Here we present the possibility to employ the X0 reduction for a satellite based gamma module made of a converter/tracker&calorimeter system fully composed of oriented crystals. In case of pointing strategy, the enhancement of pair production cross section would improve the detector sensitivity; one may therefore consider to reduce the total convert-tracker length. At the same time, the e.m. showers initiated by gamma-rays with energies from few GeV up to hundreds GeV - multi-TeV would be contained in a much smaller volume in a calorimeter composed of oriented crystal scintillators if compared to standard detectors [4]. This results in reducing the necessary weight and cost to contain most of the shower length, with a decrease of the calorimeter leakage and improvement in the energy resolution. Furthermore, we experimentally demonstrated that the shower enhancement in PWO scintillator crystals occurs for direction of gamma-rays within about a mrad (0.06°) with the crystallographic axis, thereby increasing the signal-to-background discrimination in such a small angular size. This could be exploited to deeply investigate interesting astrophysical objects with a fine angular resolution and enhanced sensitivity, with no need of a complex tracker system. Last but not least, such an apparatus will continue to operate in a standard way in the absence of pointing.

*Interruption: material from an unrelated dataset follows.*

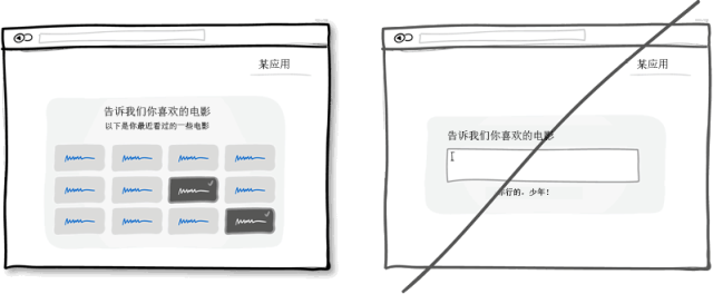 這一界面設計中的經典準則是有心理學依據的,相比要讓某人回想想某樣東西,從一堆東西中認出某樣東西會更容易些。辨識出一樣東西只需要我們稍微回憶一下,通過一些線索就可以完成。而回想則需要我們全面搜索自己的大腦。也許這也是為什么試卷上選擇題會比簡答題做得快的原因。所以試著在界面上展示一些用戶之前涉及到的信息讓他們進行選擇,而不是讓他們想半天然后自己填寫。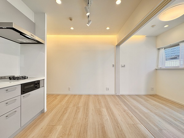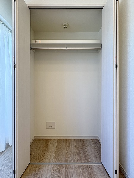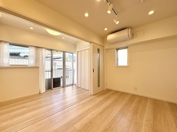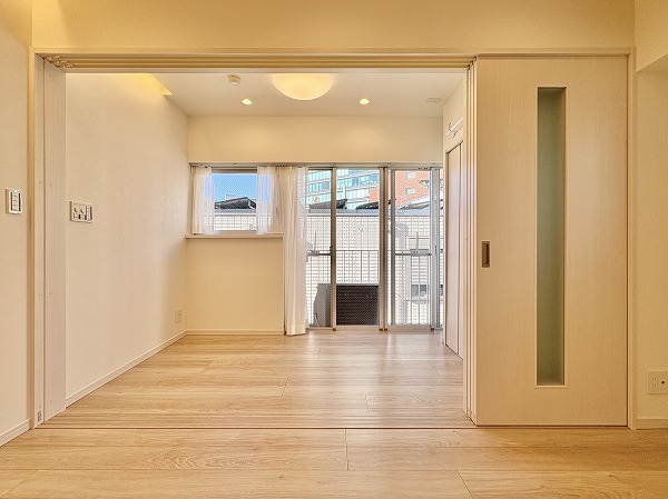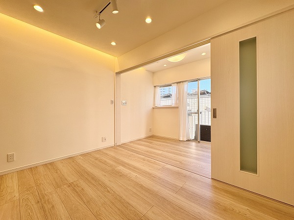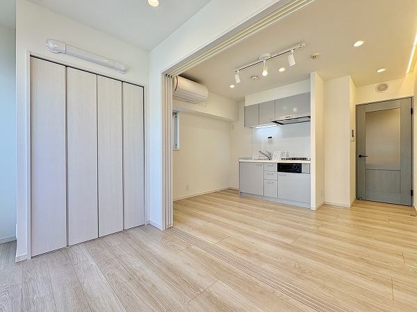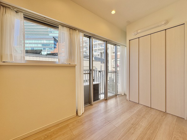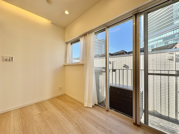 寝室としてもワークスペースとしても使いやすい約4.3帖の洋室。大きな窓があるため圧迫感は感じにくく、自然光が空間を明るく演出。スライドドアを活かせば、ひと続きのワンルーム感覚にも。クローゼット付きで、生活感を抑えた空間作りが可能です。

Several fields of gamma-ray astrophysics in the range from few to hundreds of GeV, which are not perfectly covered in resolution by either the Fermi telescope or ground Cerenkov facilities, could be explored using the pointing strategy, such as pointing of the Galactic Center (in either Milky Way [5] or dwarf galaxies [6]) for Dark Matter discrimination, observation of unidentified FERMI gamma-ray sources, follow-up of transient and multimessenger sources.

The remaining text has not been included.